PROBLEM DETAILS -> In the listing below, find the line containing "A Assembleia Legislativa" and the line containing "Dating to 2021, this". Repeat exactly those two lines and every line between them.
[[ SOURCE MATERIAL, beginning ]]
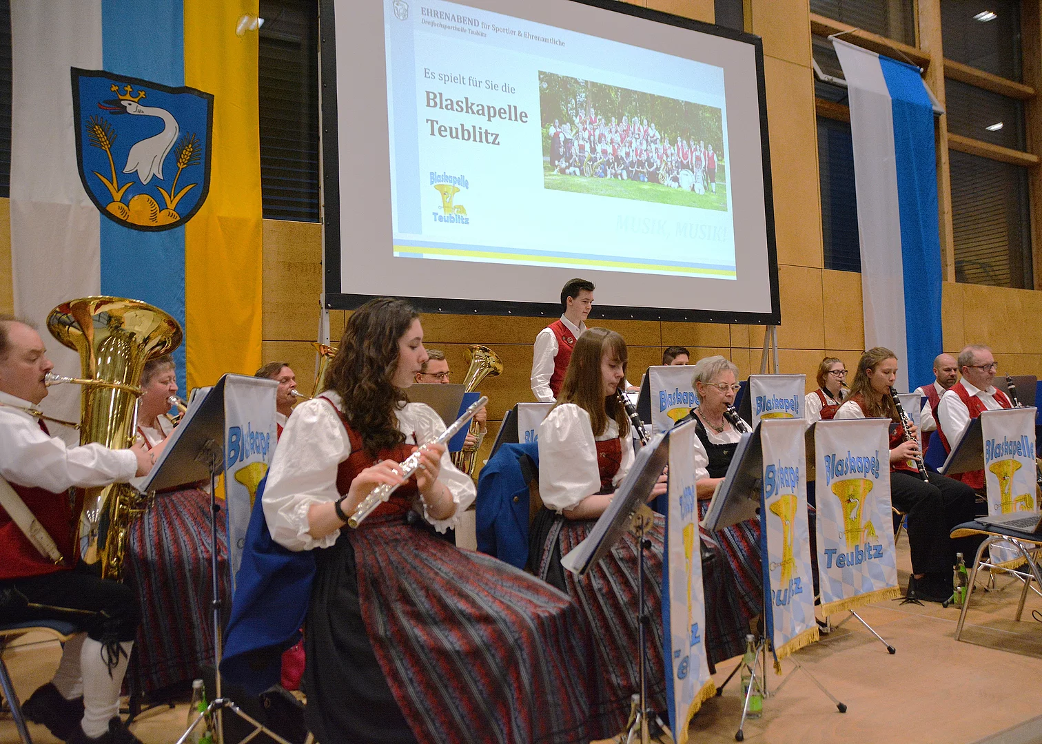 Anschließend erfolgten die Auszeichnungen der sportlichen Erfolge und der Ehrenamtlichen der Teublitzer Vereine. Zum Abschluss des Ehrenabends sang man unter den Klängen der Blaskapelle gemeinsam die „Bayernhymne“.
[[ SOURCE MATERIAL, end ]]
[[ SOURCE MATERIAL, beginning ]]
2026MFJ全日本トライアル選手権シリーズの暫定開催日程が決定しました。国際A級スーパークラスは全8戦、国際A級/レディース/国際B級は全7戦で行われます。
[[ SOURCE MATERIAL, end ]]
[[ SOURCE MATERIAL, beginning ]]
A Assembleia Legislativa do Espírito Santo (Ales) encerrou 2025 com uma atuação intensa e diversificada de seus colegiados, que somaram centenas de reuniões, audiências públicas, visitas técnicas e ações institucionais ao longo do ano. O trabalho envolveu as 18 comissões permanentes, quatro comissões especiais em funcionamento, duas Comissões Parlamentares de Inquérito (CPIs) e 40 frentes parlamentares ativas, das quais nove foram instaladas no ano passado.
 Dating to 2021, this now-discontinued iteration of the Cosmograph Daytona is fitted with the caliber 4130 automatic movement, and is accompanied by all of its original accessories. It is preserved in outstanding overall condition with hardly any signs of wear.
[[ SOURCE MATERIAL, end ]]
WRITTEN RESPONSE ->
A Assembleia Legislativa do Espírito Santo (Ales) encerrou 2025 com uma atuação intensa e diversificada de seus colegiados, que somaram centenas de reuniões, audiências públicas, visitas técnicas e ações institucionais ao longo do ano. O trabalho envolveu as 18 comissões permanentes, quatro comissões especiais em funcionamento, duas Comissões Parlamentares de Inquérito (CPIs) e 40 frentes parlamentares ativas, das quais nove foram instaladas no ano passado.
 Dating to 2021, this now-discontinued iteration of the Cosmograph Daytona is fitted with the caliber 4130 automatic movement, and is accompanied by all of its original accessories. It is preserved in outstanding overall condition with hardly any signs of wear.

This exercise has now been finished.